Tourists enjoying a beach in Mexico

The positive news of increased tourist arrivals this year is overshadowed by the fact that the tourism that has grown generates the least economic spillover.

A phrase attributed to Albert Einstein could well apply to Mexico’s tourism sector: “Not everything that counts can be counted, and not everything that can be counted counts.”

The record-breaking growth figures for visitor arrivals touted by the Ministry of Tourism (Sectur) may seem like good news, but they are not directly proportional to economic revenue.
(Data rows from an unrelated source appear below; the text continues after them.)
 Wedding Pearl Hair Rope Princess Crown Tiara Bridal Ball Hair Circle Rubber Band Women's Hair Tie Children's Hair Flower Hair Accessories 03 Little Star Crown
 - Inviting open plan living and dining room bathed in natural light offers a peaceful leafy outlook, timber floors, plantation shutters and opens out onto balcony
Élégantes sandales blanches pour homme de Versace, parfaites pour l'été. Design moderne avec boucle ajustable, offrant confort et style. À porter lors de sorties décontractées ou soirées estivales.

Breaking it down, there was indeed an increase of almost 14% in tourist arrivals between January and September, totaling 71 million travelers. However, not all tourists are equal. Visitors are categorized into four groups: those arriving by air, by land, border visitors, and cruise ship passengers.
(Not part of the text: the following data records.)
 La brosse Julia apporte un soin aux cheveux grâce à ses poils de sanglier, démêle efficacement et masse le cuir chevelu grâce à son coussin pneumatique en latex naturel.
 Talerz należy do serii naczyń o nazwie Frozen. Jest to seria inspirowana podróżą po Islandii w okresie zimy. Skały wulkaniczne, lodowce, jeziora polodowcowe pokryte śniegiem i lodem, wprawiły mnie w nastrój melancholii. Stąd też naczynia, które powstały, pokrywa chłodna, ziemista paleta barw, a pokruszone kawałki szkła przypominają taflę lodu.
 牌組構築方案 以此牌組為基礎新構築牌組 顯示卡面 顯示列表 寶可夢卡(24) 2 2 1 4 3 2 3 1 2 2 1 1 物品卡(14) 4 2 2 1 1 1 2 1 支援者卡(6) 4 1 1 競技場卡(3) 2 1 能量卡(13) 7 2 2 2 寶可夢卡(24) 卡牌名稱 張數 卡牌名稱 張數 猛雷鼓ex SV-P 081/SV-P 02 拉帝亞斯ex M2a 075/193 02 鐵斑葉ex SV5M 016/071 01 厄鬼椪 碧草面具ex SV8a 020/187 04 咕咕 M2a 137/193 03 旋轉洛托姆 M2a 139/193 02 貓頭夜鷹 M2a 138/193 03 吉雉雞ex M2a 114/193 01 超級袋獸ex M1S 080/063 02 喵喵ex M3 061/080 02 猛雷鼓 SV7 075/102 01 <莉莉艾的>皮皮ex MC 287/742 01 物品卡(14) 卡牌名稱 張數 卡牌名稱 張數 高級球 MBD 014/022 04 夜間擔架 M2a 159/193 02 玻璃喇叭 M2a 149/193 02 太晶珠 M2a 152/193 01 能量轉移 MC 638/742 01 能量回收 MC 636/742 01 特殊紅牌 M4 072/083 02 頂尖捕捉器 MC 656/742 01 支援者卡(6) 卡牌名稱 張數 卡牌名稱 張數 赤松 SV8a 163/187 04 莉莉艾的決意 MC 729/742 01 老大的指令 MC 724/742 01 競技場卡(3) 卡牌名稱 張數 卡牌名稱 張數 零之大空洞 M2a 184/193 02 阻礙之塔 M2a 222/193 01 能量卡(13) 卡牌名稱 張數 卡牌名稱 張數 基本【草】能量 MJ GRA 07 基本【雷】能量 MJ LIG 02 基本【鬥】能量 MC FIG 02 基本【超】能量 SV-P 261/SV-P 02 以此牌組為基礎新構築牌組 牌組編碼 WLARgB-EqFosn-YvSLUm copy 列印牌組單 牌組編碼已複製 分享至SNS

“If we look closely at the statistics, approximately half of the international visitors arrived by air, and these are the ones who actually consume and generate both investment and employment,” explained Gonzalo del Peón, co-founder and president of AMRESORTS, Group President for Hyatt Inclusive Collection Americas, vice president of the National Association of Hotel Chains, and a member of the National Tourism Council of Mexico (CNET).

Disaggregating the type of visitor is crucial because it resembles the Pareto principle: 81.2% of the country’s tourism income comes from “air” tourism, while border tourism contributes only 6.2%, and cruise ship tourists represent just 2.6% of the sector’s revenue.
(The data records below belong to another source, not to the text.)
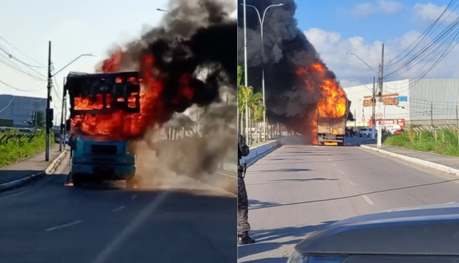 Um caminhão pegou fogo na tarde desta quinta-feira (12), na entrada do bairro de Tibiri, em Santa Rita. O incêndio ocorreu na Avenida Manoel Lisboa, em um ponto que dá acesso à BR-230, embaixo do viaduto.
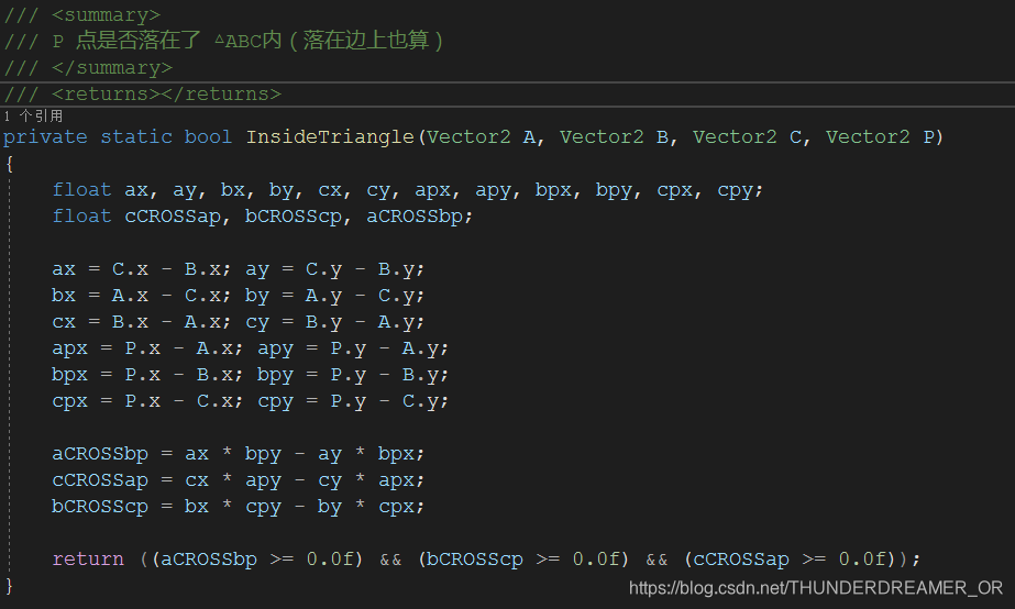 的值小于0。其实对这两个向量叉乘的结果取绝对值,得到的结果是这个三角形的面积。
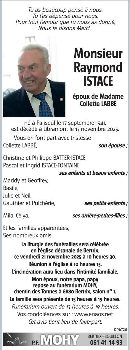 Décédé à Libramont (6800) le lundi 17 novembre 2025 à l'âge de 84 ans

The data becomes clearer and more revealing when viewed as spending per tourist. While a visitor arriving by air leaves an average of $1,178, land tourism has an economic spillover of $343, border tourism $108, and cruise tourism $83.

The situation becomes concerning because the growth in tourist numbers was driven by those who spend the least: border visitors (+19.3%) and cruise passengers (+8.2%). Meanwhile, visitors arriving by air have decreased by 2.3% compared to last year. Looking exclusively at the statistics for Mexico’s three ‘golden’ tourism destinations reveals an even greater gap: in Cancún, the number of tourists has fallen by 4.5% versus 2024; in Puerto Vallarta, the decline is 4.9%; and only Los Cabos shows a positive figure, with tourist influx this year 0.4% higher than last year.

Currently, the private sector’s major concern is that the demand for air visitors is not growing at the same pace as the supply of rooms in the country’s most important leisure destinations.

To put this in context, in the Cancún/Riviera Maya area, hotel supply grew by 4% in the last year, equivalent to nearly 5,000 new hotel rooms—more rooms than the entire history of Huatulco.

To maintain the same occupancy rate with these thousands of new rooms, approximately 345,000 additional international visitors would be required. In other words, the Riviera Maya would need to grow its visitor numbers by at least 3.5%, while currently, it is declining by 4.5%.

One of the side effects already being felt in the sector is the need to lower rates, adjust expenses, and reduce staff.

“There is a lack of promotion budget and a federal entity to coordinate campaigns at the country level, aligning the campaigns of different tourist destinations,” added del Peón.

The challenge is not just to increase the number of visitors but to leverage and bolster growth in the niche that contributes 8 out of every 10 dollars entering the country with a suitcase in hand.